* EXERCISE REQUIREMENTS
Among the entries that follow, locate the line with "La cadena de" and the line with "Алюминиевая сковорода c". Output those lines and all lines in between, exactly, minus the pictures.

* DATA EXTRACT
┄┄┄┄┄┄

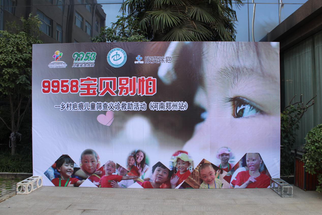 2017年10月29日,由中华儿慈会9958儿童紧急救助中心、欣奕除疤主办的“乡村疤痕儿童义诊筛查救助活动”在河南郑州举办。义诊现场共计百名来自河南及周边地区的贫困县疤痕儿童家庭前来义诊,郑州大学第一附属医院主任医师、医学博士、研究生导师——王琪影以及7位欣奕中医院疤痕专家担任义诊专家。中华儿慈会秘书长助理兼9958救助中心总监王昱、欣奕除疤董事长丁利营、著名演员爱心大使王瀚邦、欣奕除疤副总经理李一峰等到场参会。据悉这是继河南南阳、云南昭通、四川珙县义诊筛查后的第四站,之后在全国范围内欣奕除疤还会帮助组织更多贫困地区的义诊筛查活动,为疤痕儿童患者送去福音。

┄┄┄┄┄┄

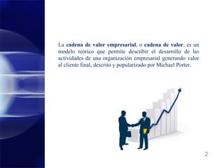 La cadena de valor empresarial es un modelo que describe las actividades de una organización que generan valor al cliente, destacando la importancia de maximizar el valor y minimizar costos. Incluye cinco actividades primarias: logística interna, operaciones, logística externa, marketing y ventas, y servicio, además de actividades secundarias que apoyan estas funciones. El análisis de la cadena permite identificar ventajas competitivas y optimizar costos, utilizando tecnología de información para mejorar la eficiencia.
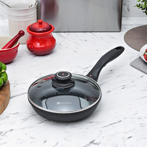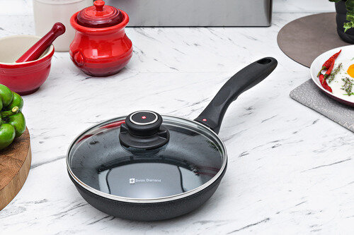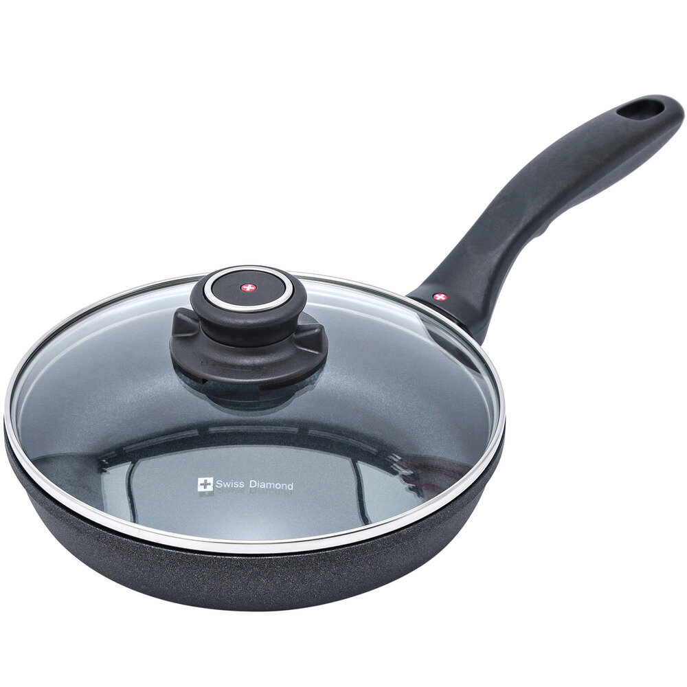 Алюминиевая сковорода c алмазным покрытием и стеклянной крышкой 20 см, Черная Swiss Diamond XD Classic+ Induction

┄┄┄┄┄┄

* TASK RESPONSE
 La cadena de valor empresarial es un modelo que describe las actividades de una organización que generan valor al cliente, destacando la importancia de maximizar el valor y minimizar costos. Incluye cinco actividades primarias: logística interna, operaciones, logística externa, marketing y ventas, y servicio, además de actividades secundarias que apoyan estas funciones. El análisis de la cadena permite identificar ventajas competitivas y optimizar costos, utilizando tecnología de información para mejorar la eficiencia.
 Алюминиевая сковорода c алмазным покрытием и стеклянной крышкой 20 см, Черная Swiss Diamond XD Classic+ Induction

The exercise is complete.